Я скучал по тебе, говорит он, опираясь на локоть и целуя ее.
Херта облизывает губы.
Твой последний напиток, дай угадаю «Биша».
Генек кивает, смеется и снова целует ее. Их языки встречаются.
Любимый, нам надо быть осторожнее, шепчет Херта, отстраняясь.
Разве мы не всегда осторожны?
Просто то самое время.
Ох, говорит Генек, наслаждаясь ее теплом, сладким цветочным ароматом шампуня на ее волосах.
Было бы глупо допустить это сейчас, добавляет Херта, как ты считаешь?
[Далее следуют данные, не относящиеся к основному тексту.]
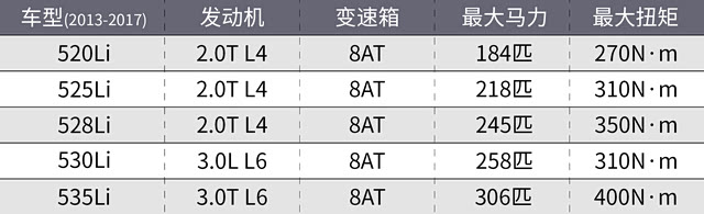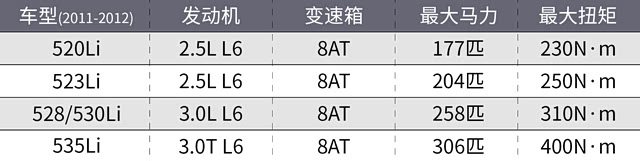 至于动力部分,国产F18提供了多种动力规格。在早期上市的2011、2012款中,F18提供了520Li、523Li、528/530Li以及535Li这4种规格。并且当时的5系还全系都是直列六缸发动机!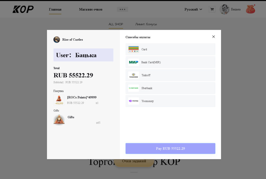 2. Пользуйтесь Возможностями Платежей: После привязки вашего аккаунта к России или Беларуси, вам должна стать доступной карта Мир, Тинькоф и д.р. и все необходимые опции для внесения платежей через интернет-магазин «Rise of  Castles».

Несколько часов назад за ужином они с друзьями разговаривали об угрозе войны, о том, как легко Австрия и Чехословакия упали в руки Рейха и какие изменения начались в Радоме. Генек громко возмущался своим понижением до помощника в юридической конторе и грозился переехать во Францию.
По крайней мере там, кипятился он, я смогу использовать свою степень.
Не уверена, что во Франции тебе будет лучше, сказала Ивона. Фюрер теперь нацеливается не только на немецкоговорящие территории. Что, если это только начало? Что, если Польша следующая?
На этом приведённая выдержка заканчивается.